Забежав вперед, Лилька пошла, отступая:
— Она тоже на пианино играет?
— Тоже, — он ответил как-то неохотно.
— Точно — сплошные музыканты! А вот на органе она… или ты… смогли бы?
Взгляд у него снова заискрился:
— Ага! Сама к органу вернулась.
— Так ты смог бы? — нетерпеливо повторила Лилька.
— Нет. Это же совсем другое.
— А что там другого? Те же клавиши.
— Дурочка, — снисходительно процедил Саша. — Орган — это как целый оркестр. Там же труб всяких несколько тысяч может быть. И пульт управления есть.
Лилька заворожено повторила:
— Несколько тысяч? И пульт управления? Как у космического корабля? Ты не врешь?
— Нет. Я знаю.
— Откуда, если не играл?
Он ответил не сразу:
— Мы же изучаем разные инструменты. И потом у меня книжки есть. Еще мамины… Слушай, ты свалишься, если будешь так пятиться! Так что там особенного в этом органе? В нем что-то спрятано?
— Спрятано? — эта мысль как-то не приходила ей в голову.
— Золотые слитки в трубах?
— Ты издеваешься?! — она резко толкнула его в плечо и отскочила, чтоб Саша не дотянулся.
Но он лишь рассмеялся:
— Вот дурочка! Я не издеваюсь. Поприкалываться нельзя? Ты сама виновата: не говоришь, что там на самом деле, вот мне и приходится версии выдвигать.
Изобразив улыбку, которая вышла такой кривой, будто Лильку перекосило после страшной болезни, она умоляюще забормотала:
— Саш, я только у дедушки спрошу: можно тебе сказать или нет. Ладно?

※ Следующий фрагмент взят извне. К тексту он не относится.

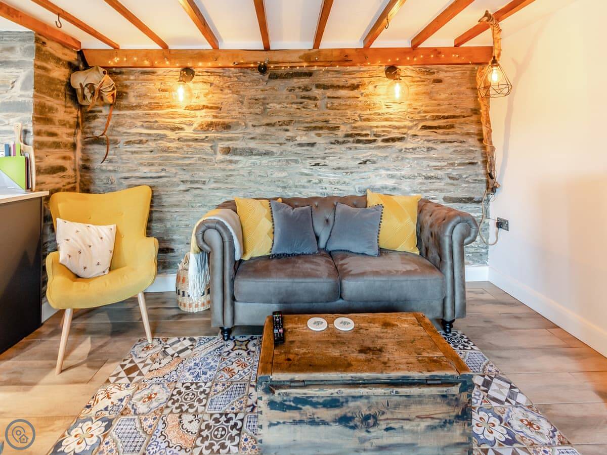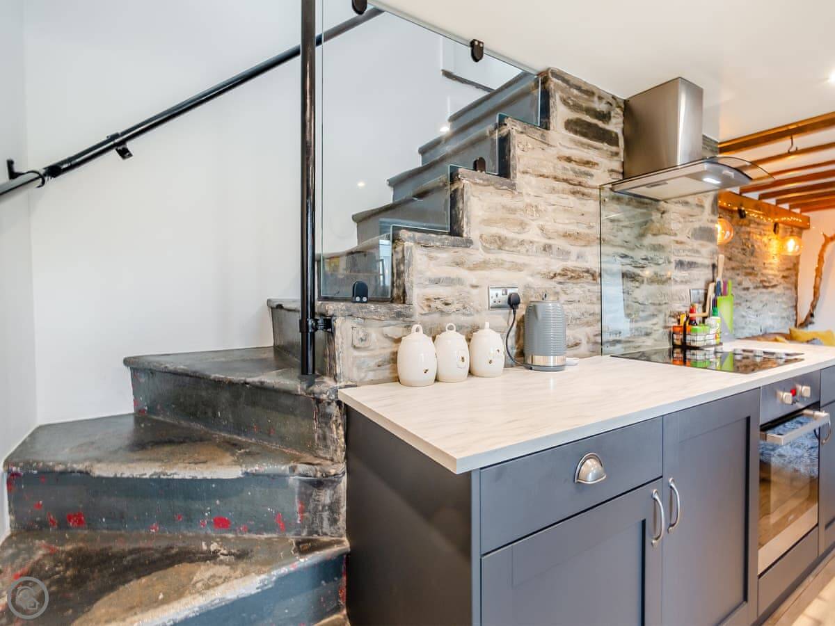There's an open plan living room, dining area and kitchen downstairs. The ceiling has exposed beams and the walls are stone. There's a woodburning stove. The kitchen has a dishwasher. We include the bedding and towels.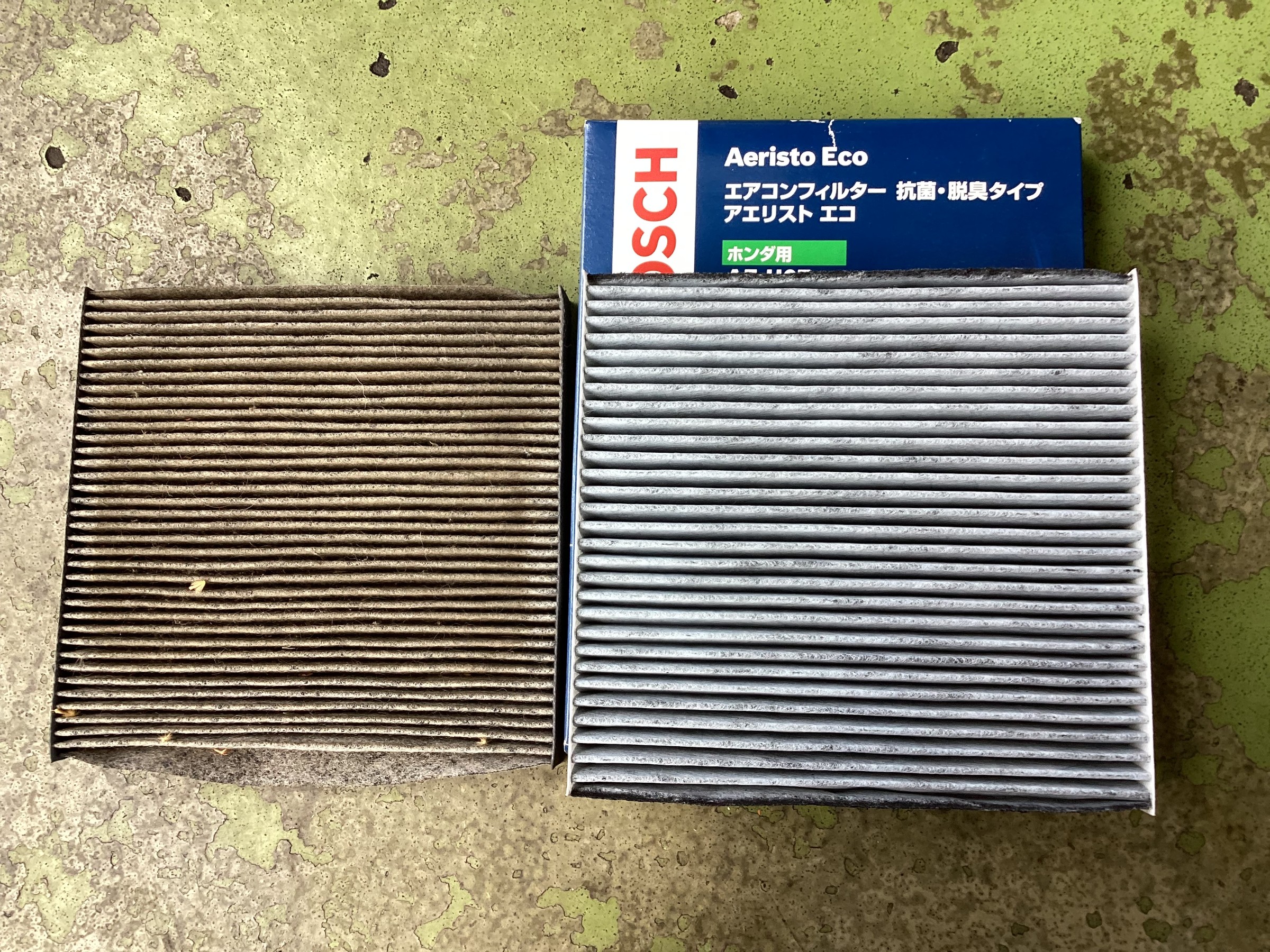 写真には左側が長年使用したフィルターと右側が新品のフィルターです!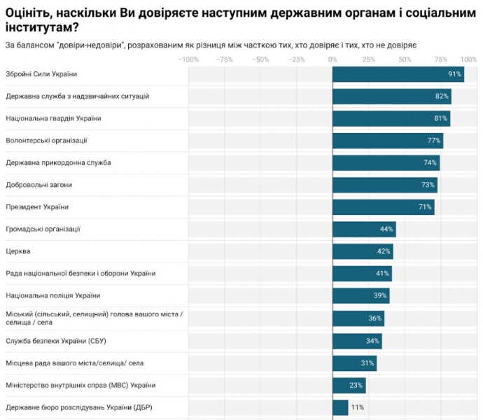 "Станом на серпень 2022 року, найбільший позитивний баланс довіри мають: ЗСУ (91%), ДСНС (82%), Національна гвардія (81%), волонтерські організації (77%), Прикордонна служба (74%), добровольчі загони (73%) та президент України (71%). Найменше ж довіряють українці політичним партіям (-55%), судовій системі (-46%), чиновникам (-46%), комерційним банкам (-37%) та Верховній Раді (-19%)".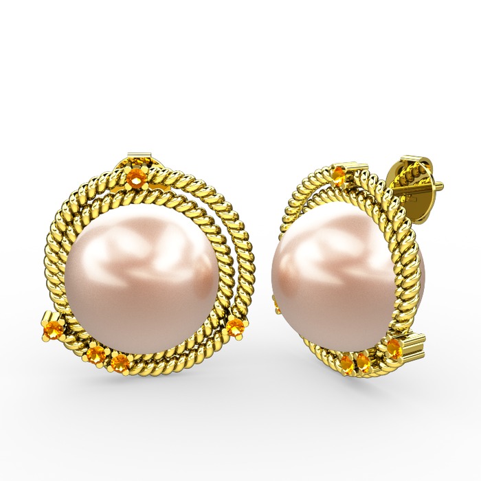 Pembe inci ve sitrin 14 ayar altın küpe

Ты не злись, пожалуйста.
— Да я не злюсь, — удивился он.
— Да я бы тоже разозлилась. Но вдруг эта какая-то особая тайна? Что если о ней вообще никому говорить нельзя?
— Как это — никому, когда о ней уже целая толпа знает? Вот интересно!
— Ну… Может, они неправильно знают!
"Тогда и я неправильно знаю, — сообразила она. — Я же только их слова слышала. Дедушка вообще ничего не говорил".
Она мрачно вздохнула:
— Дедушка никогда не рассказывал мне об этом органе. Выходит, даже мне нельзя было знать.
Сашка прищурился:
— А почему, интересно, они именно у него выпытывали про этот орган? Он что — музыкант?
— Настройщик, — с гордостью сообщила Лилька. — Ты вот знаешь, что чехи — самые лучшие настройщики? А мой дедушка, как раз — чех. Его зовут, как писателя Гашека — Ярослав.
— Я еще не читал, — у него недовольно съехались брови. — У нас есть книжка про солдата Швейка, но мама говорит, что нужно подрасти, чтобы оценить его юмор.
Лилька беззаботно махнула рукой:
— Я тоже не читала. Она такая толстенная! Я все боюсь, что начну, а вдруг неинтересная окажется? И мучиться над ней три года!
— А ты все равно дочитываешь, даже если книга неинтересная?
Лильке показалось, что он посмотрел на нее испытующе, но все равно решилась на правду:
— Только не смейся… Мне, знаешь, как-то жалко писателя становится.
— За что жалко?
— Ну, как же! Я не дочитаю, ему же обидно будет. Мне всегда кажется, как будто писатель меня видит. Или чувствует.